- **Data for analysis**
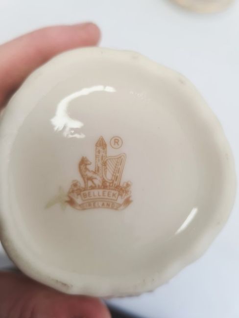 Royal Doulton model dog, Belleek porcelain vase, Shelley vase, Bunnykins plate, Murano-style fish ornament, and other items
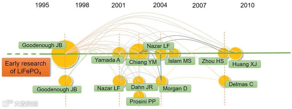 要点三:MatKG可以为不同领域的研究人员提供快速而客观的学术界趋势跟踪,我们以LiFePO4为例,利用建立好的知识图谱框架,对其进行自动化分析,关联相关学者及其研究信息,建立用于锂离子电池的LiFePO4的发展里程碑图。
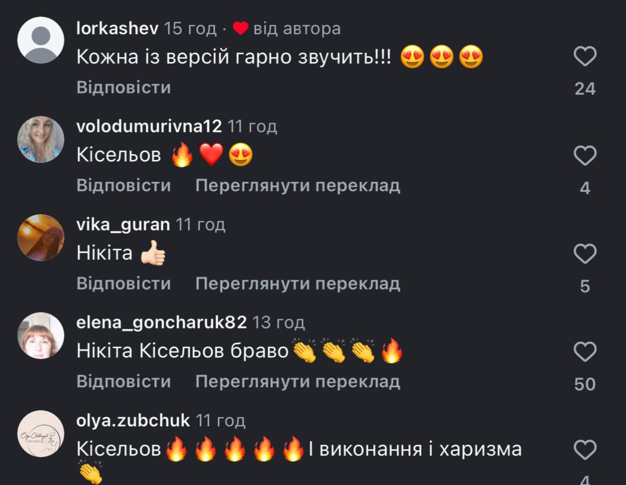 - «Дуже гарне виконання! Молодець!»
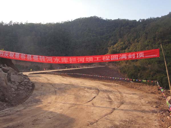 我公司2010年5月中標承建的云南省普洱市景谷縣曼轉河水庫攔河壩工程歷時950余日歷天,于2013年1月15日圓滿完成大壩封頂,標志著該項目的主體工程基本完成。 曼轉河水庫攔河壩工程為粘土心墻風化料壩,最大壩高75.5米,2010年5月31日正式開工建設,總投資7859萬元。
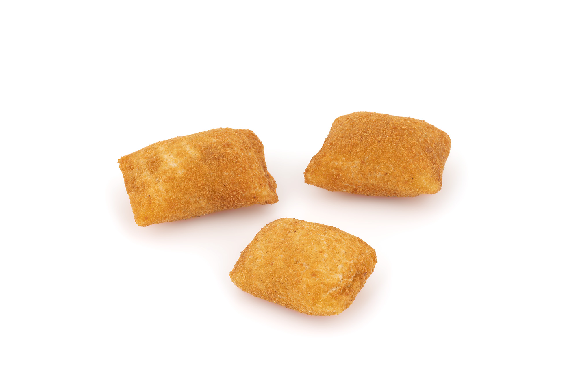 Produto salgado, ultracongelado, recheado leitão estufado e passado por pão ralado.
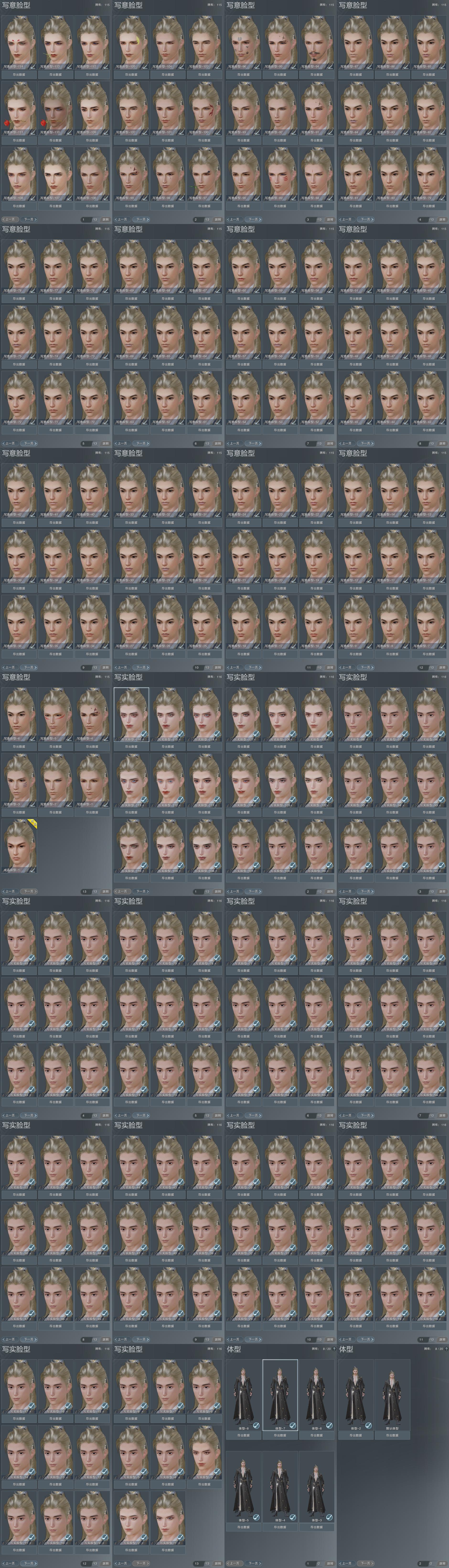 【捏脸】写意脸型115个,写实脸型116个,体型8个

- **Assignment**
Output exactly the lines from the one containing "要点三:MatKG可以为不同" through the last line of the records above, both included, and leave out the pictures.

- **Response area**
 要点三:MatKG可以为不同领域的研究人员提供快速而客观的学术界趋势跟踪,我们以LiFePO4为例,利用建立好的知识图谱框架,对其进行自动化分析,关联相关学者及其研究信息,建立用于锂离子电池的LiFePO4的发展里程碑图。
 - «Дуже гарне виконання! Молодець!»
 我公司2010年5月中標承建的云南省普洱市景谷縣曼轉河水庫攔河壩工程歷時950余日歷天,于2013年1月15日圓滿完成大壩封頂,標志著該項目的主體工程基本完成。 曼轉河水庫攔河壩工程為粘土心墻風化料壩,最大壩高75.5米,2010年5月31日正式開工建設,總投資7859萬元。
 Produto salgado, ultracongelado, recheado leitão estufado e passado por pão ralado.
 【捏脸】写意脸型115个,写实脸型116个,体型8个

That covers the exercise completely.